■ GIVEN INFORMATION
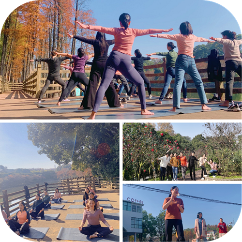 清晨,大家迎着初冬的暖阳来到了此次活动的第一站--湖南省植物园。园内空气清新、景色宜人,让人心旷神怡,瞬间忘掉烦恼。随后,大家兵分两路,有瑜伽爱好者跟着组长李艳容老师在园内练有氧瑜伽。其余的老师们一起参加趣味运动会:两人三足、夹乒乓球接力赛、你来比划我来猜等娱乐游戏。瑜伽可以让人全身心的放松,舒展。而趣味运动打破了彼此间不熟悉的尴尬,一起游戏,一起嬉戏,尽情的跑,尽情的跳,忘记了所有烦恼。
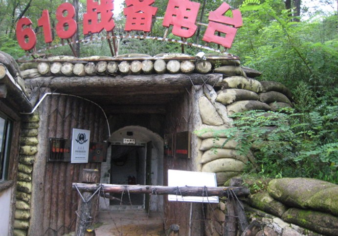 618戰(zhàn)備電臺,原為山東人民廣播電臺戰(zhàn)備臺,是華東地區(qū)規(guī)模最大、保存最完整的一處戰(zhàn)備電臺。它是二十世紀(jì)六十年代為適應(yīng)國防需要,由時任濟(jì)南軍區(qū)司令員的楊德志將軍親自選址興建的,位于山東省淄博市沂源縣魯村鎮(zhèn)峨峪村北山中。海拔高度400米,相對高度200米,占地面積229畝,發(fā)射功率50千瓦,能夠覆蓋淄博、臨沂、濰坊、泰安等13個市縣。電臺機(jī)房設(shè)在山中坑道內(nèi),坑道總長470米,施工面積2820平方米。
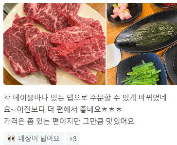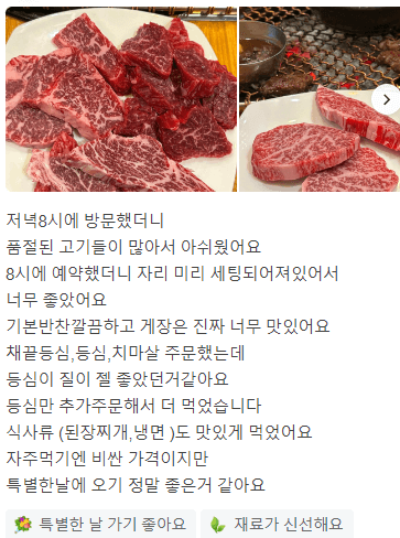 '큰집한우'는 최고등급 1++한우 등심과 안심을 사용하는 맛집입니다. 꽃등심은 특히 최고의 질을 유지하고 있어 예약이 필요합니다. 고기는 두툼하고 씹는 맛이 좋으며, 뻑뻑함이나 질김이 없어 육즙과 함께 즐길 수 있습니다. 명이나물에 싸서 먹으면 더욱 맛있게 느껴지며, 메추리알 간장조림 통을 함께 제공하여 무한리필로 장조림도 즐길 수 있습니다. 서울에서 강원도로 여행하는 사람들에게 인기가 있습니다.

■ ABOUT THIS EXERCISE
Write out exactly the lines of the material above, starting with the first and finishing with the line that contains "618戰(zhàn)備電臺,原為山東人民", without pictures.

■ THE ANSWER
 清晨,大家迎着初冬的暖阳来到了此次活动的第一站--湖南省植物园。园内空气清新、景色宜人,让人心旷神怡,瞬间忘掉烦恼。随后,大家兵分两路,有瑜伽爱好者跟着组长李艳容老师在园内练有氧瑜伽。其余的老师们一起参加趣味运动会:两人三足、夹乒乓球接力赛、你来比划我来猜等娱乐游戏。瑜伽可以让人全身心的放松,舒展。而趣味运动打破了彼此间不熟悉的尴尬,一起游戏,一起嬉戏,尽情的跑,尽情的跳,忘记了所有烦恼。
 618戰(zhàn)備電臺,原為山東人民廣播電臺戰(zhàn)備臺,是華東地區(qū)規(guī)模最大、保存最完整的一處戰(zhàn)備電臺。它是二十世紀(jì)六十年代為適應(yīng)國防需要,由時任濟(jì)南軍區(qū)司令員的楊德志將軍親自選址興建的,位于山東省淄博市沂源縣魯村鎮(zhèn)峨峪村北山中。海拔高度400米,相對高度200米,占地面積229畝,發(fā)射功率50千瓦,能夠覆蓋淄博、臨沂、濰坊、泰安等13個市縣。電臺機(jī)房設(shè)在山中坑道內(nèi),坑道總長470米,施工面積2820平方米。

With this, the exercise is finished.